BEGIN Records shown

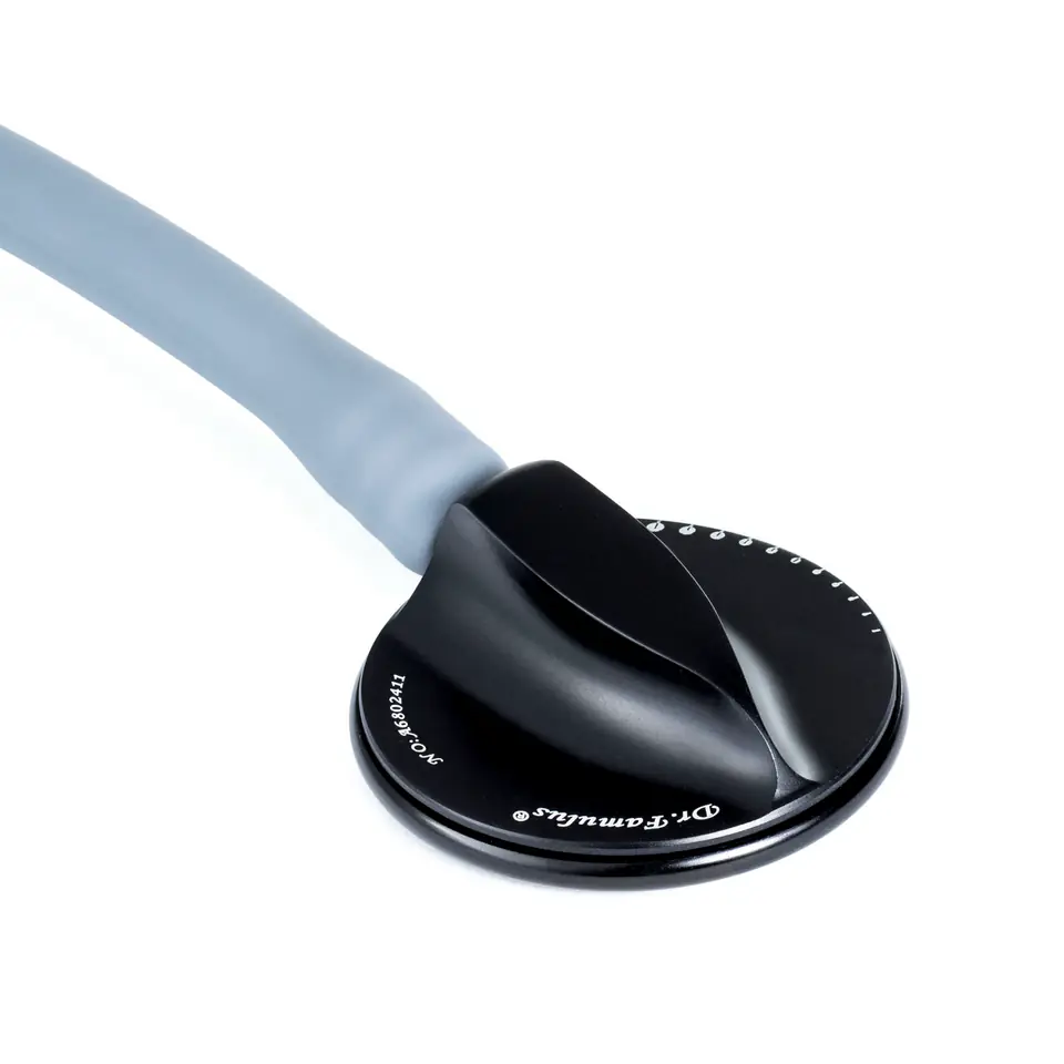 Dwutonowa membrana Pojedyncze światło przewodu Jednostronna głowica Technologia strojenia Fine Tune™ Obracając pierścień Fine Tune™ można precyzyjnie dostroić dźwięk. Dwutonowa membrana Lekka zmiana nacisku na głowicę umożliwia usłyszenie zarówno wysokich jak i niskich częstotliwości. Głowica wykonana z materiału kompozytowego. Głowica wykonana ze stopu miedzi i aluminium. Elastyczny przewód słuchowy wykonany z silikonu. Oliwki Ultra Comfort Oliwki izolują hałas zewnętrzny. Lirę przy oliwkach można zginać i dopasować do własnych potrzeb lub zaczepić na szyi. Stetoskop dostępny w 10 intensywnych kolorach. Fioletowy, pomarańczowy, błękitny, różowy, granatowy, zielony, jasny szary, winny, ciemny szary, czarny. W każdym opakowaniu ze stetoskopem Novama Expert znaleźć można dodatkowe dwie pary wymiennych oliwek (jedna para w większym rozmiarze/ jedna para w mniejszym rozmiarze) oraz pudełko do ich przechowywania. Stetoskop ma 86 cm długości i rozciąga się od 10 do 15 %. Głowica stetoskopu Novama Expert jest wykonana z złoconego stopu miedzi i aluminium.
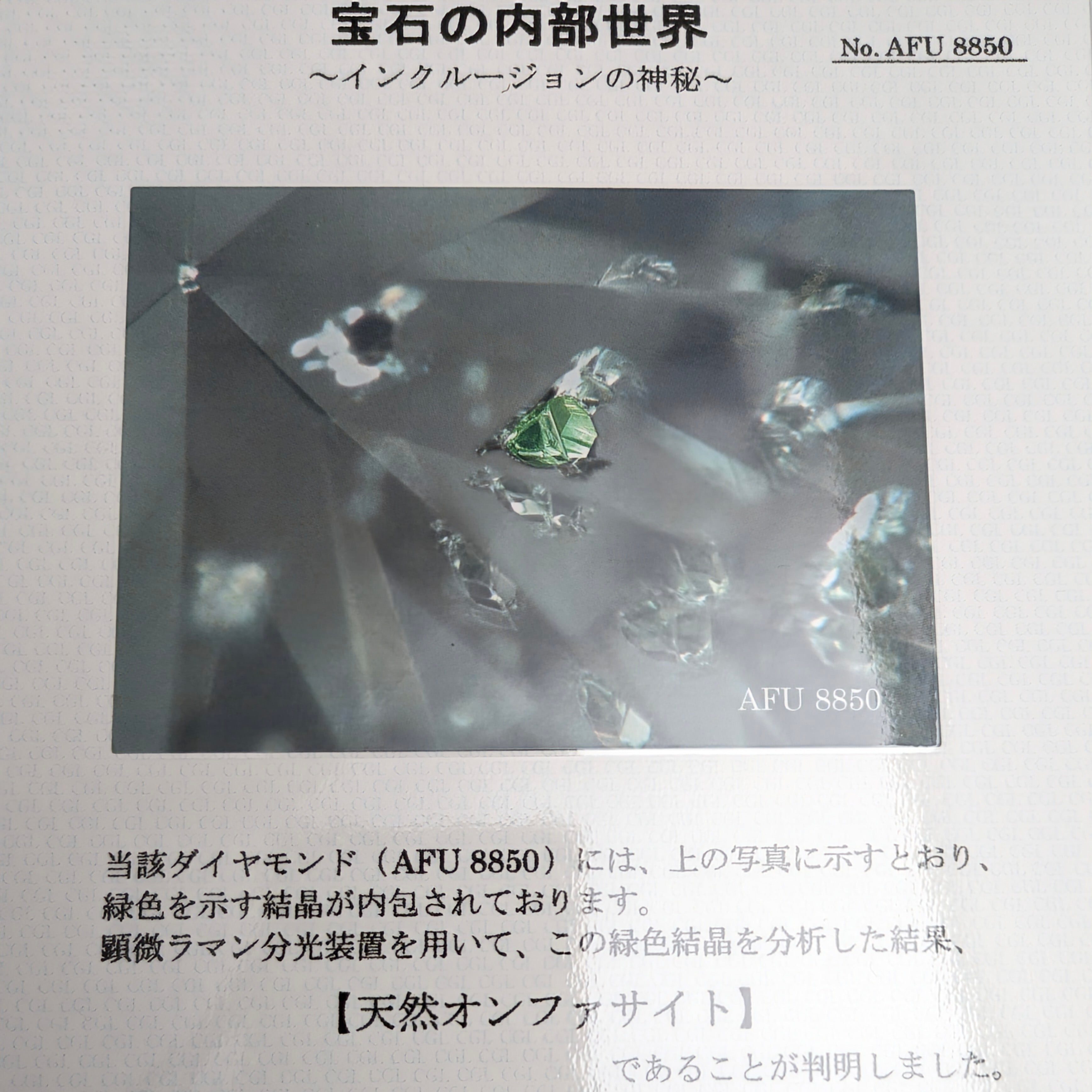 美しいグリーンの結晶が、万華鏡のように石の内部に反射して煌めくダイヤモンド。このグリーンの結晶の正体は「オンファサイト」という他鉱物で、いわゆる翡翠/ヒスイと同じ輝石グループの宝石です。宝石にとってのインクルージョンは、その美しさを損なう場合はマイナスのイメージがありますが、美しい【色】を持ったまま閉じ込められたその幽閉されたプリンセスのような姿は、コレクターの心を揺さぶってなりません。ルーペでも十分その姿を確認できますが、美しくその姿を捉えた鑑定書のお写真も併せて、お楽しみください。
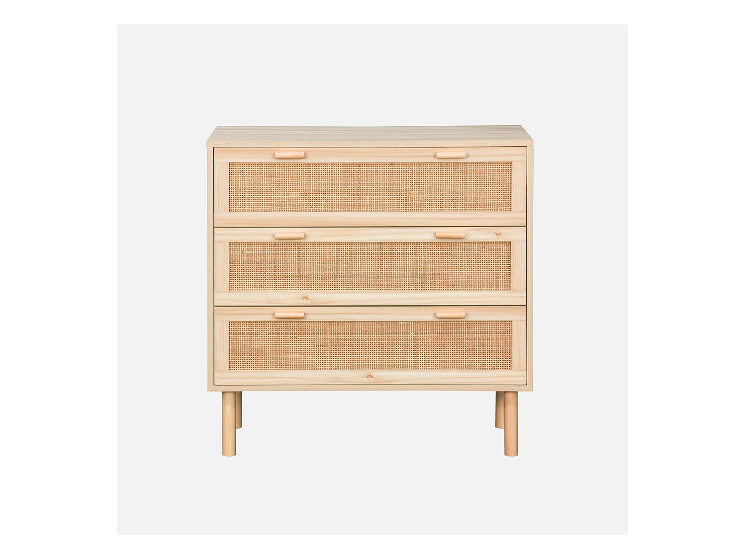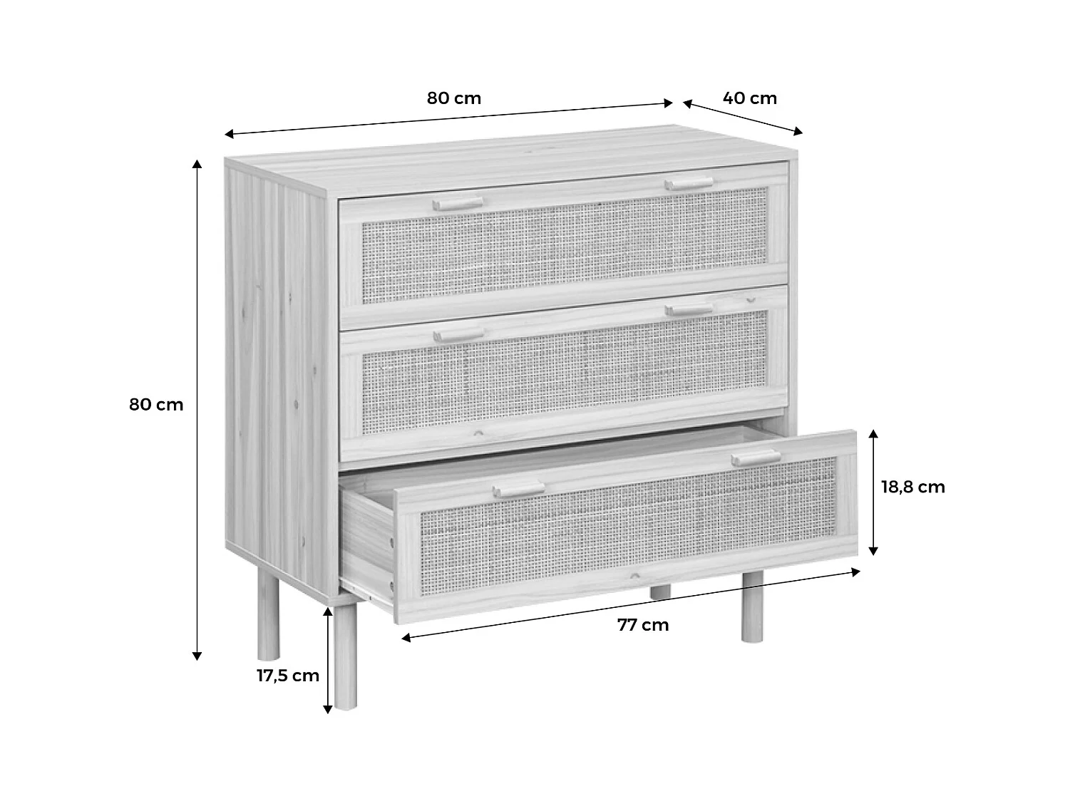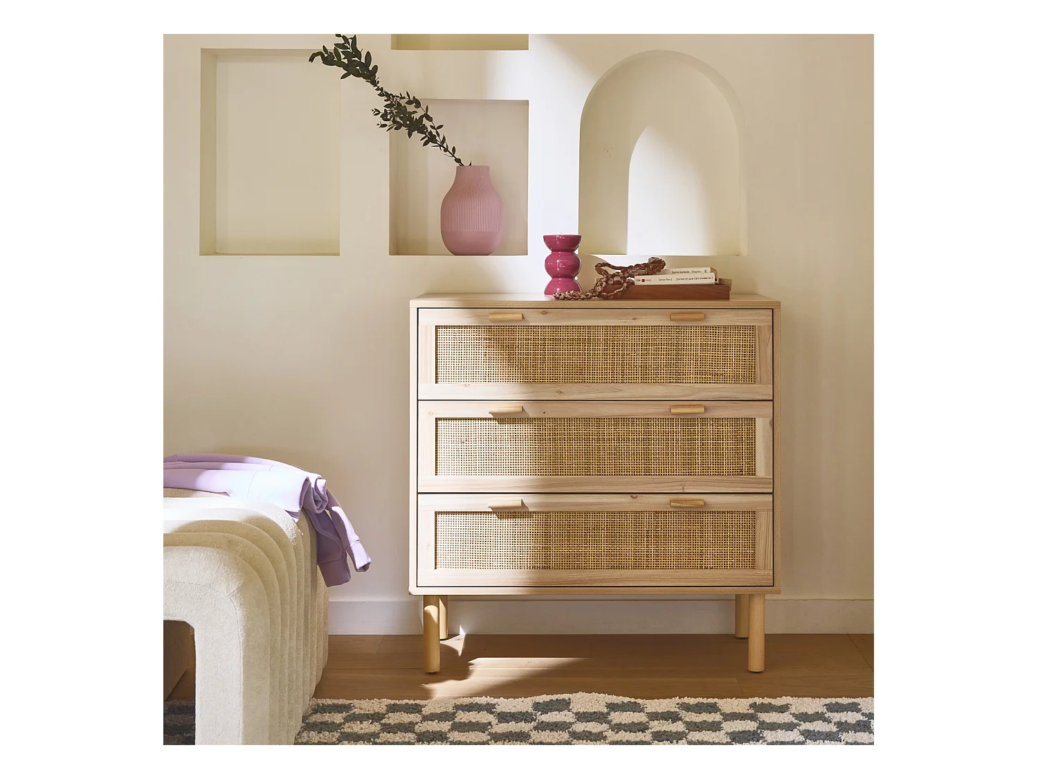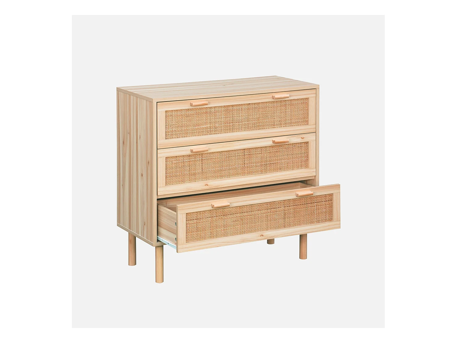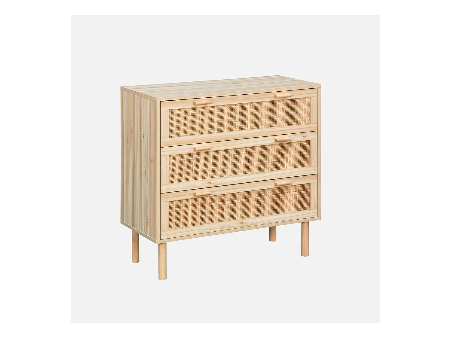 Commode 3 tiroirs cannage et décor bois CAMARGUE L 80 x P 40 x H 80cm
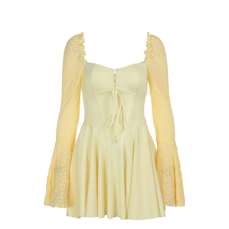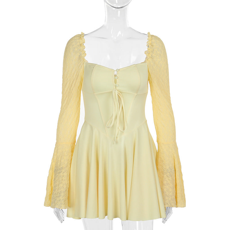 Kvinnors Miniklänning Puffärmar Spetsdetaljer Andningsbart Tyg
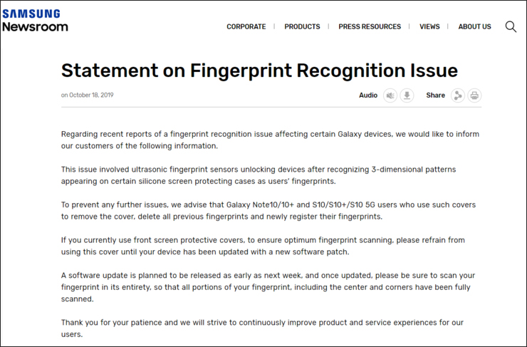10月18日,三星官方對指紋安全漏洞進行了回應,三星承認了這一安全漏洞,並且建議 Galaxy Note10 / 10 + 和 S10 / S10 + / S10 5G 這些型號的手機不要使用硅膠的手機保護設備,刪除所有以前的指紋,並重新註冊指紋。三星方面表示,最早將會在下週推送修復補丁,完全修復這個漏洞。
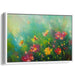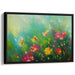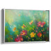 The artist's loose and expressive style, reminiscent of the Impressionist movement, allows the colors to seamlessly blend, creating a dreamlike and almost mystical ambiance. Each brushstroke seems to convey the gentle sway of the flowers in a breeze, infusing the scene with a sense of dynamic life and energy. The predominant hue of radiant green sets a lively and fresh tone, complemented by bursts of yellow, red, and delicate hints of blue in the background, evoking a feeling of serene vastness and expansiveness.
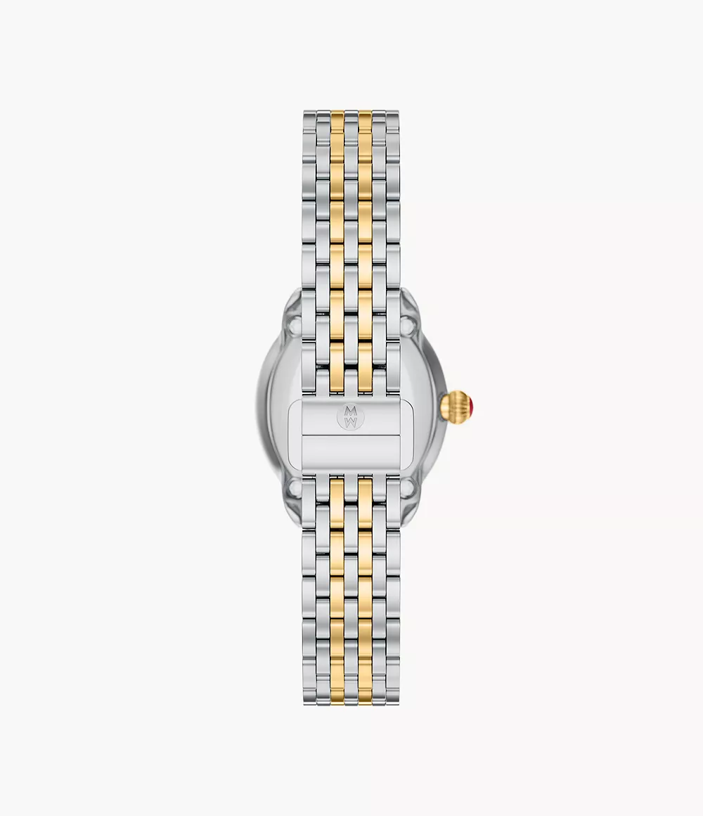 This petite 18K gold-plated and stainless steel two-tone oval timepiece perfectly balances vintage-inspired style with a modern edge. The white mother-of-pearl dial shines with 112 diamond accents (0.38 carat weight) and Swiss movement. The 18K gold-plated and stainless steel two-tone bracelet is made specifically for the Serein Oval collection and is interchangeable with any 12mm MICHELE strap.

END Records shown

Repeat the data above exactly, but not the pictures.

 Dwutonowa membrana Pojedyncze światło przewodu Jednostronna głowica Technologia strojenia Fine Tune™ Obracając pierścień Fine Tune™ można precyzyjnie dostroić dźwięk. Dwutonowa membrana Lekka zmiana nacisku na głowicę umożliwia usłyszenie zarówno wysokich jak i niskich częstotliwości. Głowica wykonana z materiału kompozytowego. Głowica wykonana ze stopu miedzi i aluminium. Elastyczny przewód słuchowy wykonany z silikonu. Oliwki Ultra Comfort Oliwki izolują hałas zewnętrzny. Lirę przy oliwkach można zginać i dopasować do własnych potrzeb lub zaczepić na szyi. Stetoskop dostępny w 10 intensywnych kolorach. Fioletowy, pomarańczowy, błękitny, różowy, granatowy, zielony, jasny szary, winny, ciemny szary, czarny. W każdym opakowaniu ze stetoskopem Novama Expert znaleźć można dodatkowe dwie pary wymiennych oliwek (jedna para w większym rozmiarze/ jedna para w mniejszym rozmiarze) oraz pudełko do ich przechowywania. Stetoskop ma 86 cm długości i rozciąga się od 10 do 15 %. Głowica stetoskopu Novama Expert jest wykonana z złoconego stopu miedzi i aluminium.
 美しいグリーンの結晶が、万華鏡のように石の内部に反射して煌めくダイヤモンド。このグリーンの結晶の正体は「オンファサイト」という他鉱物で、いわゆる翡翠/ヒスイと同じ輝石グループの宝石です。宝石にとってのインクルージョンは、その美しさを損なう場合はマイナスのイメージがありますが、美しい【色】を持ったまま閉じ込められたその幽閉されたプリンセスのような姿は、コレクターの心を揺さぶってなりません。ルーペでも十分その姿を確認できますが、美しくその姿を捉えた鑑定書のお写真も併せて、お楽しみください。
 Commode 3 tiroirs cannage et décor bois CAMARGUE L 80 x P 40 x H 80cm
 Kvinnors Miniklänning Puffärmar Spetsdetaljer Andningsbart Tyg
10月18日,三星官方對指紋安全漏洞進行了回應,三星承認了這一安全漏洞,並且建議 Galaxy Note10 / 10 + 和 S10 / S10 + / S10 5G 這些型號的手機不要使用硅膠的手機保護設備,刪除所有以前的指紋,並重新註冊指紋。三星方面表示,最早將會在下週推送修復補丁,完全修復這個漏洞。
 The artist's loose and expressive style, reminiscent of the Impressionist movement, allows the colors to seamlessly blend, creating a dreamlike and almost mystical ambiance. Each brushstroke seems to convey the gentle sway of the flowers in a breeze, infusing the scene with a sense of dynamic life and energy. The predominant hue of radiant green sets a lively and fresh tone, complemented by bursts of yellow, red, and delicate hints of blue in the background, evoking a feeling of serene vastness and expansiveness.
 This petite 18K gold-plated and stainless steel two-tone oval timepiece perfectly balances vintage-inspired style with a modern edge. The white mother-of-pearl dial shines with 112 diamond accents (0.38 carat weight) and Swiss movement. The 18K gold-plated and stainless steel two-tone bracelet is made specifically for the Serein Oval collection and is interchangeable with any 12mm MICHELE strap.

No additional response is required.